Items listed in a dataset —
============
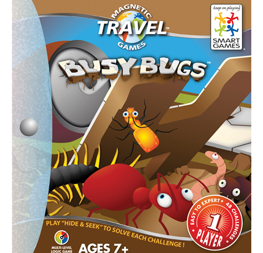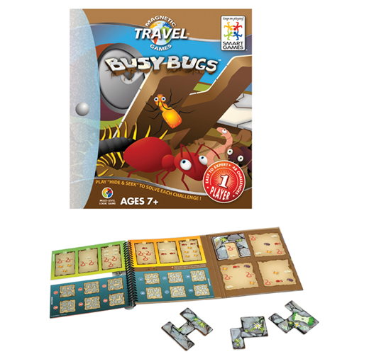 「魔磁隨身遊戲-蟲蟲捉迷藏」設計了石塊下的蟲蟲生態情境,要進行一場充滿趣味的躲藏遊戲。可以配合遊戲關卡,翻轉擺放4個石塊來讓小昆蟲躲藏。遊戲變身為精巧方便攜帶的魔磁隨身本,每個石塊都富有磁力,方便遊戲操作。設計精巧的翻卡式闖關圖卡,設計了48種由淺而深的遊戲關卡。遊戲同時,增進手腦協調與幾何空間的智能發展。
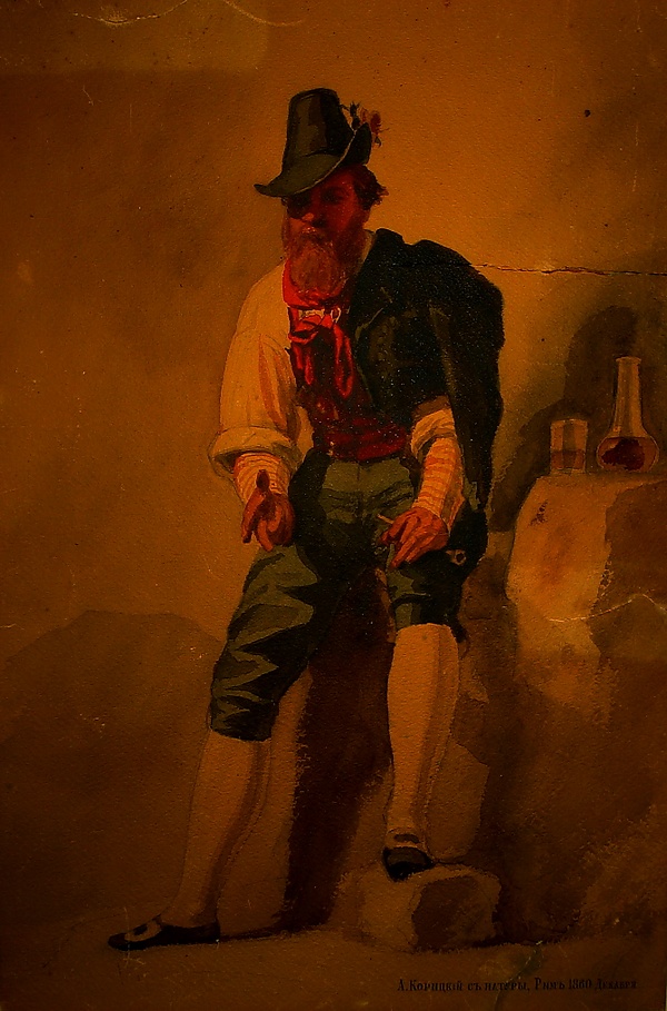 … Майор американской службы, «человек, опытный в железнодорожном деле», был приглашен в Россию в 1842 году по распоряжению Николая I на должность совещательного инженера, для консультаций по вопросам строительства Петербурго-Московской дороги. Семья воссоединилась осенью 1843 года, а с 1844 его сын, будущая европейская знаменитость, Джеймс (Джимми, как называли его близкие) Уистлер уже брал частные уроки у студента Императорской Академии художеств Александра Корицкого, служившего при строительном отряде Главного управления путей сообщения. Знакомство подпоручика Корицкого с майором Джорджем Вашингтоном Уистлером состоялось по делам этого ведомства. Документы свидетельствуют о привязанности к Корицкому всех членов семьи Уистлеров, в первую очередь его подопечного Джимми. Показательны письма 1849 года, отправленные Джеймсом Уистлером в Петербург вскоре после отъезда из России в Лондон. Джимми передавал своему наставнику Корицкому нежные приветы, делился художественными новостями, не сомневался в его частых встречах с отцом, интересовался их совместными походами на выставки и сожалел, что их нет рядом… /…/ … В числе незабываемых событий — знакомство юного Уистлера со знаменитым созданием Брюллова «Последний день Помпеи», которое состоялось во время учебных занятий в Академии художеств, где картина находилась вплоть до 1851 года. Имя и творчество Брюллова постоянно обсуждалось в этой семье благодаря Корицкому, который вошел в круг любимых воспитанников Брюллова, стал одним из самых близких его помощников…
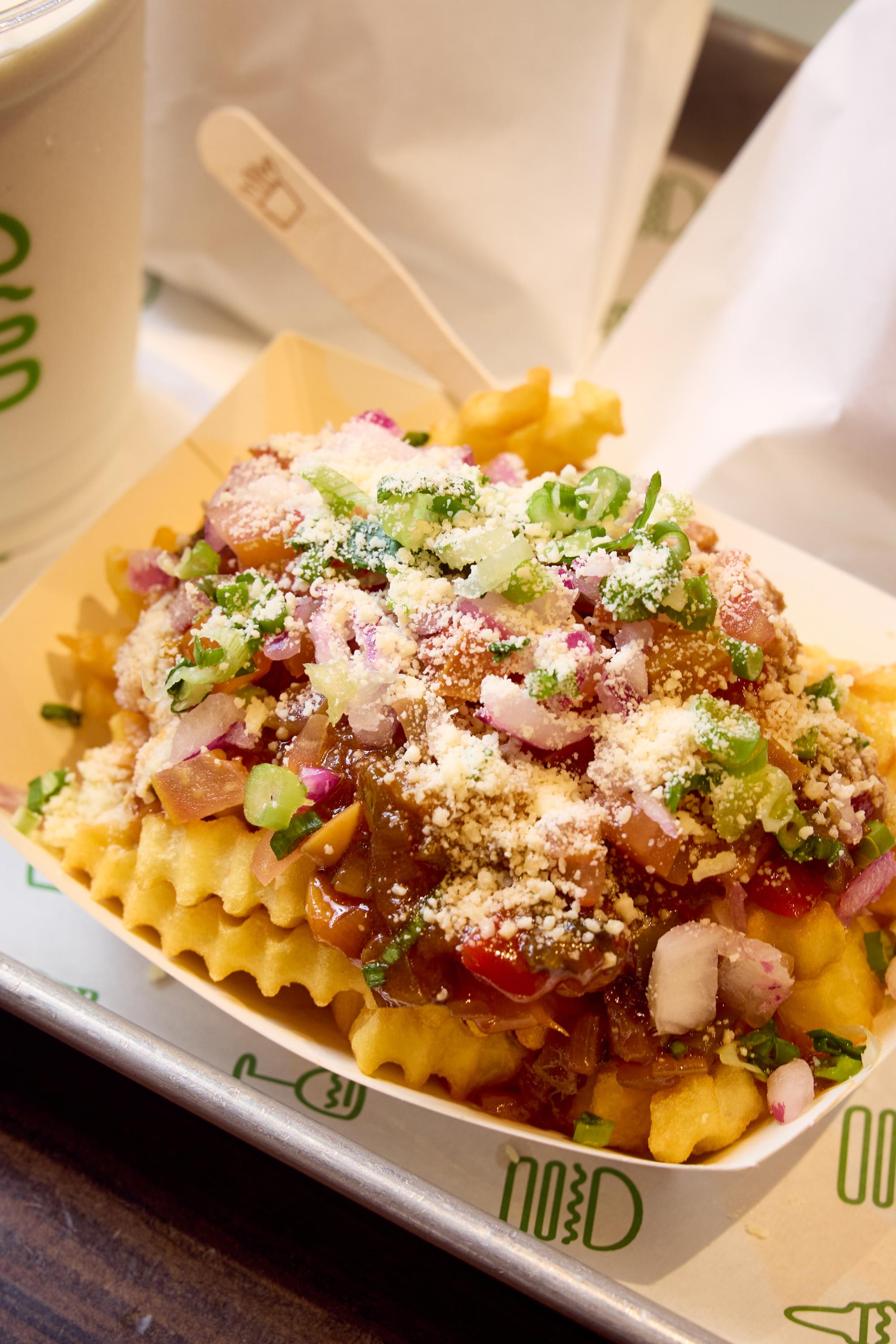 Salsa jangajji fries are his east-west mash-up: The crinkle-cut fries are topped with a hybrid between Mexican salsa and the Korean banchan of vegetables pickled in soy sauce.
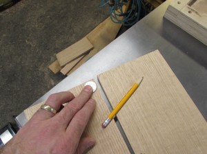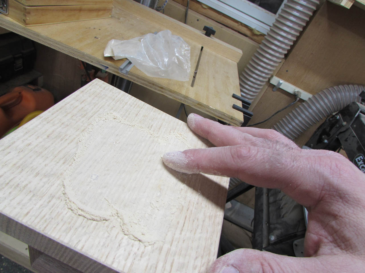 I used a coin to mark the small curve at the front corners and sanded down to my mark on the spindle sander.
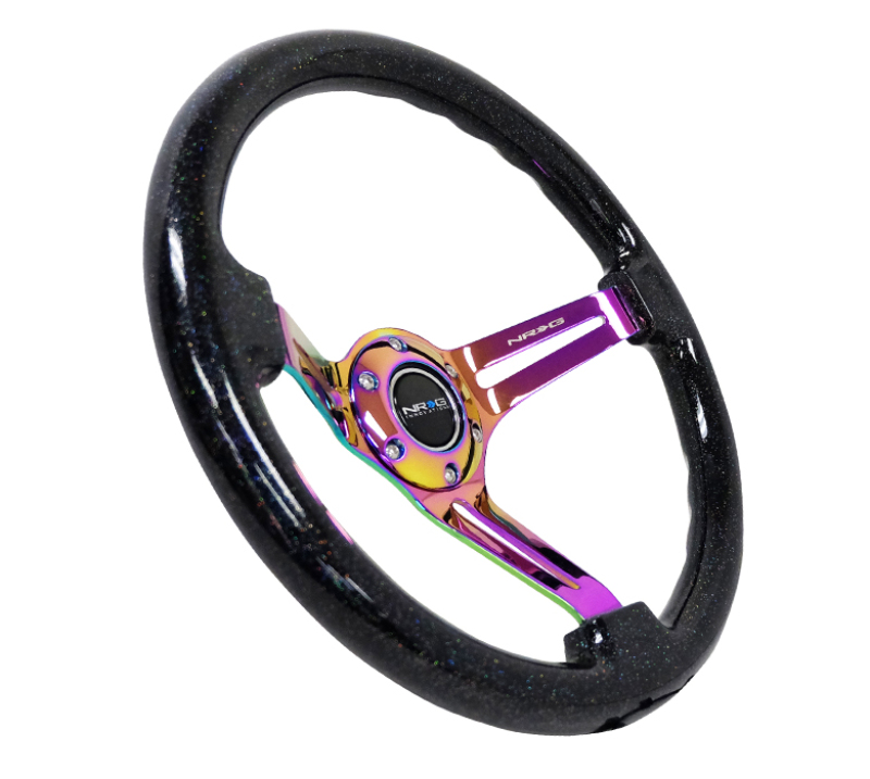 Enhance your vehicle’s interior with the NRG Reinforced Steering Wheel, featuring a 350mm diameter and a 3-inch deep dish design for superior control and a sporty feel. Constructed with high-strength reinforcement, this steering wheel offers durability and a confident grip during spirited driving. The eye-catching multi-color flake finish adds a vibrant, customized appearance to your steering setup, making it an ideal choice for automotive enthusiasts seeking both style and performance. The Neochrome center mark provides clear orientation at a glance, ensuring correct wheel positioning every time.
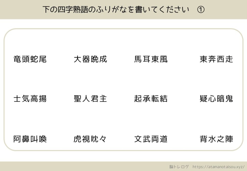 漢字・四字熟語の脳トレプリント一覧
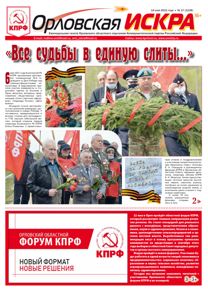 Орловская искра №17 (1238) от 14 мая 2021 года
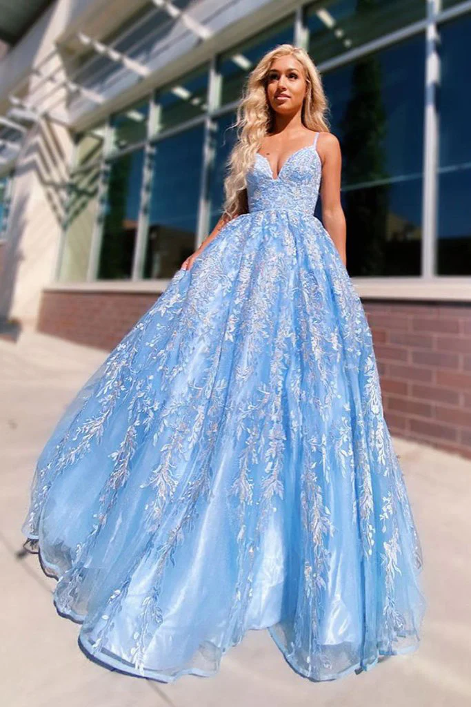 Spaghetti Straps Sky Blue Floral Appliques A Line Long Prom Dress Evening Dress OKR61
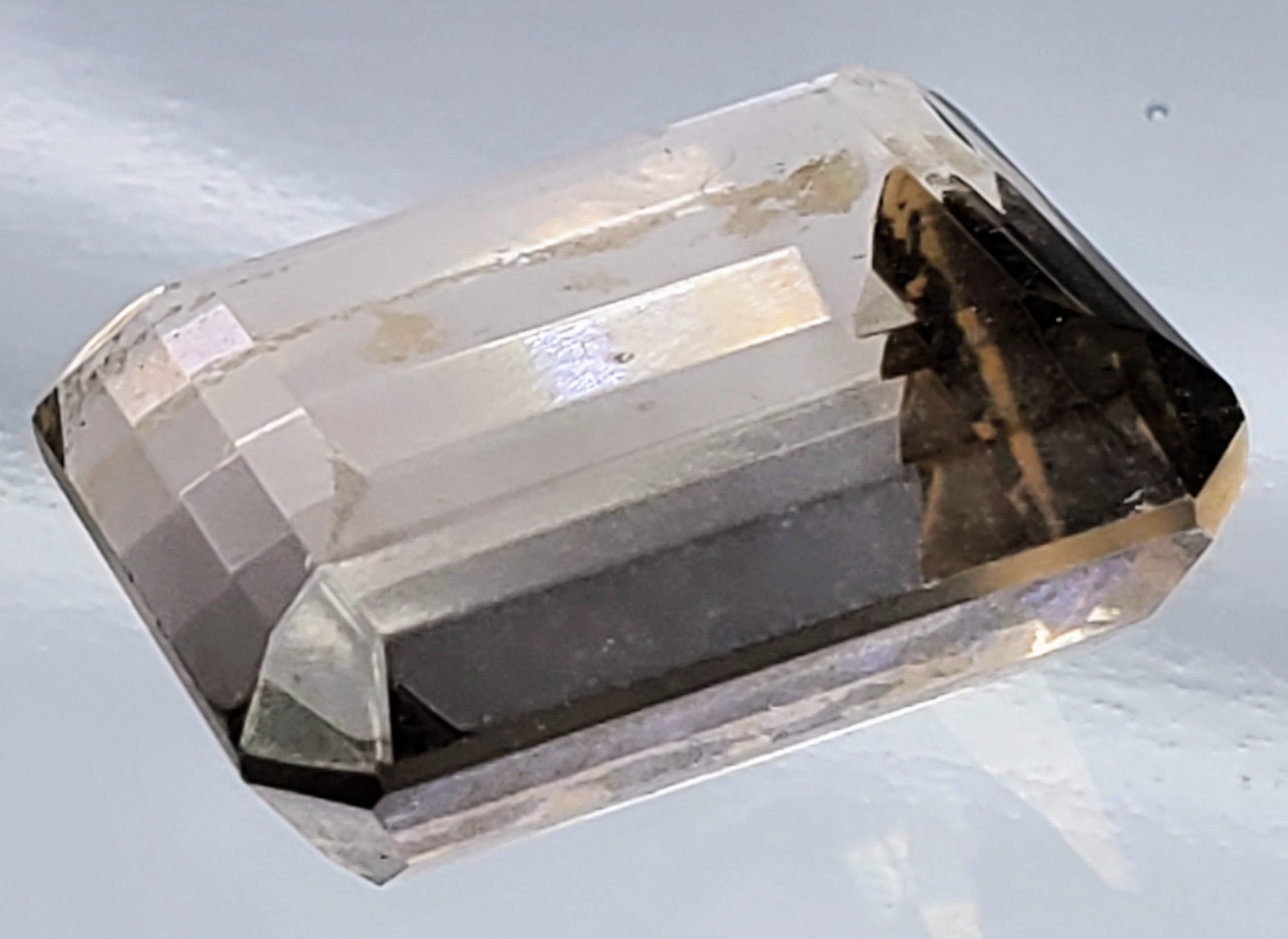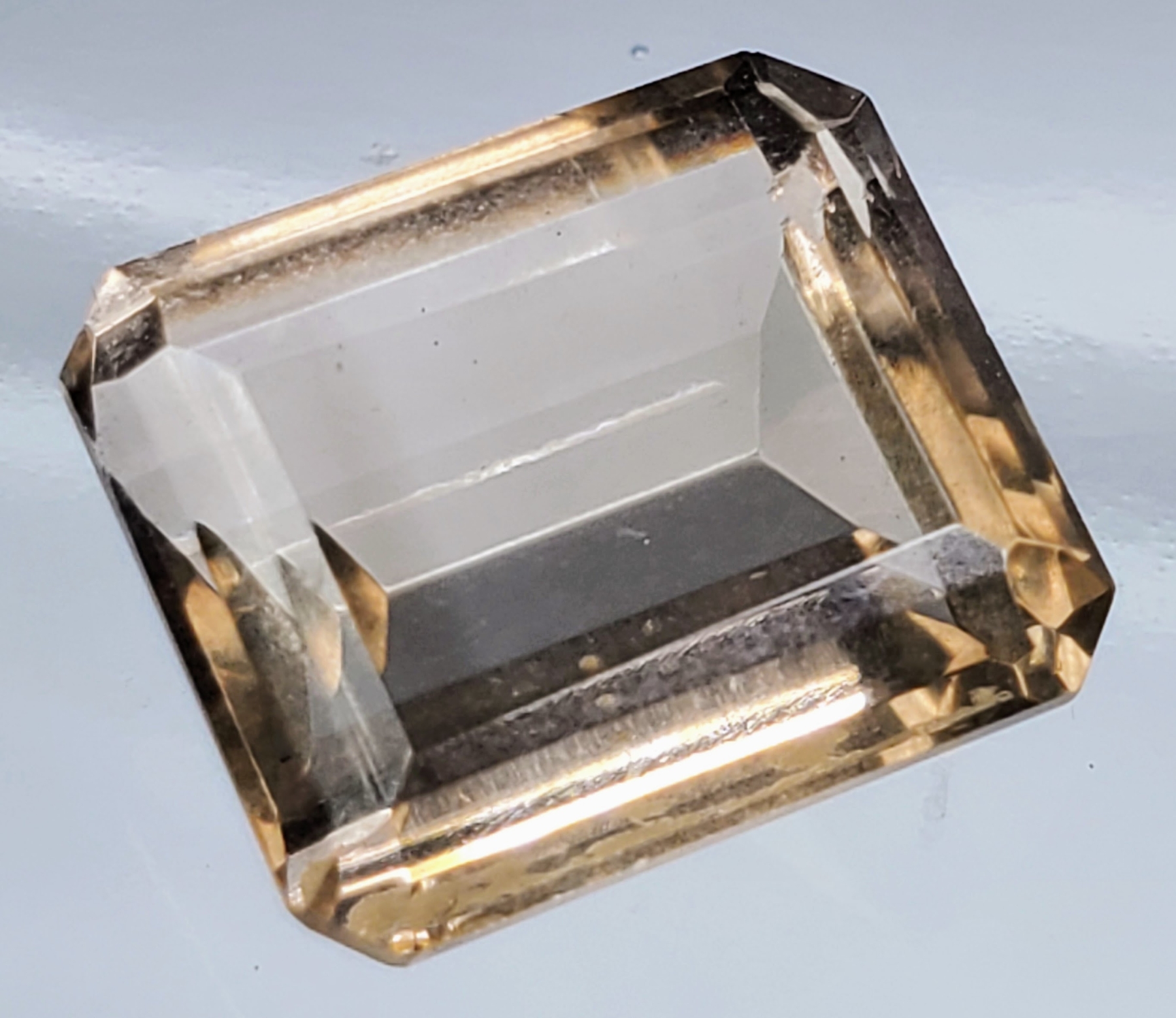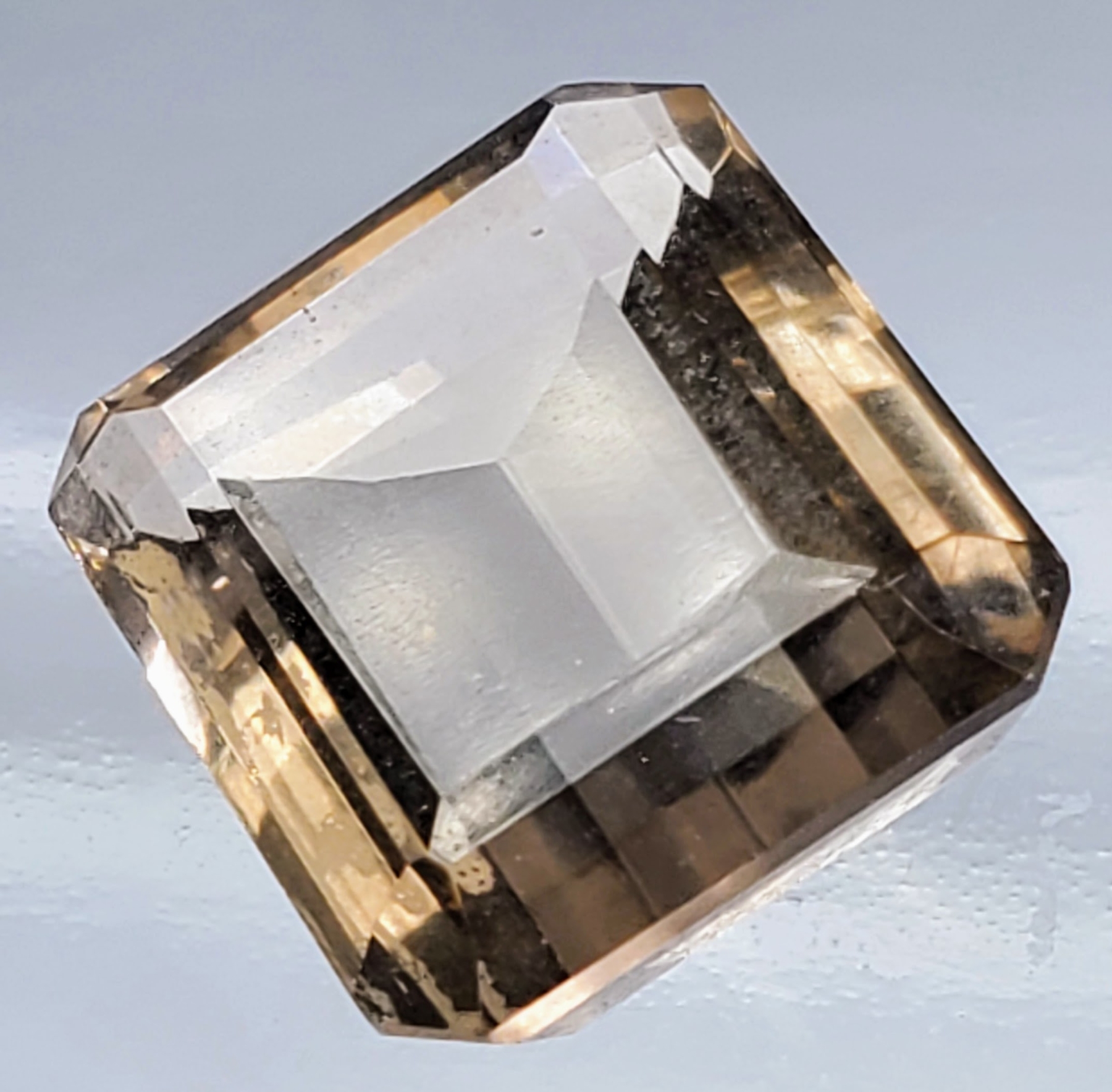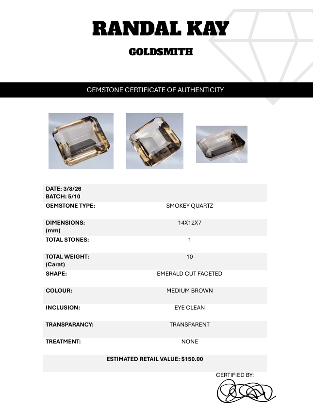 A 10-carat medium-brown smokey quartz with eye-clean clarity, transparent body, and emerald-cut faceting. Untreated and well-proportioned. Estimated retail price is $150.
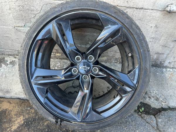 This is one 20 inch rim originally from the back of a 2019 through 2024 Chevrolet Camaro. It’s the back rim from a staggered set with 20x9.5 in the back. It’s an original GM black aluminum rim with a 5 on 120mm lug pattern. It will fit on any modern camaro as well as a few other Chevy and Pontiac cars. THEY DO NOT FIT TRUCKS. The tire is not good
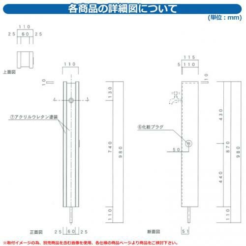 シンプルポストユニット 1型 照明なし本体 T13型ポスト(簡易錠) セット 上入れ前出し
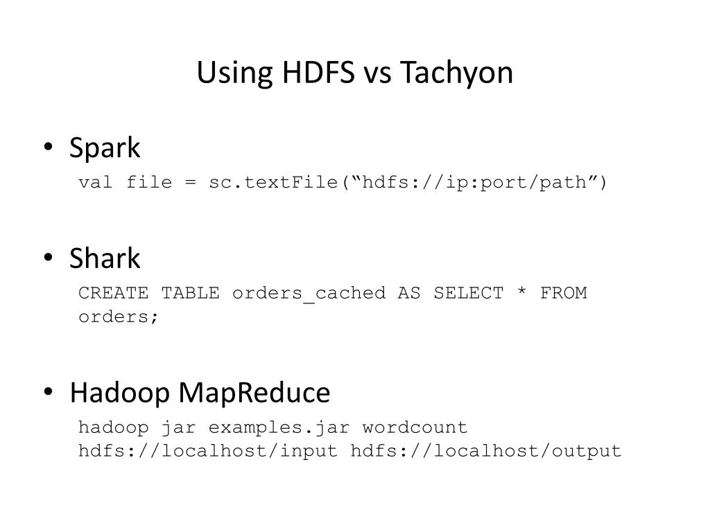 Using HDFS vs Tachyon • Spark valfile = sc.textFile(“hdfs://ip:port/path”) • Shark CREATE TABLE orders_cached AS SELECT * FROM orders; • HadoopMapReduce hadoopjar examples.jarwordcounthdfs://localhost/input hdfs://localhost/output
============
Your instructions — Transcribe the lines above exactly, beginning at the one with "漢字・四字熟語の脳トレプリント一覧" and ending at the one with "A 10-carat medium-brown". Include both; exclude the pictures.

Task answer —
 漢字・四字熟語の脳トレプリント一覧
 Орловская искра №17 (1238) от 14 мая 2021 года
 Spaghetti Straps Sky Blue Floral Appliques A Line Long Prom Dress Evening Dress OKR61
 A 10-carat medium-brown smokey quartz with eye-clean clarity, transparent body, and emerald-cut faceting. Untreated and well-proportioned. Estimated retail price is $150.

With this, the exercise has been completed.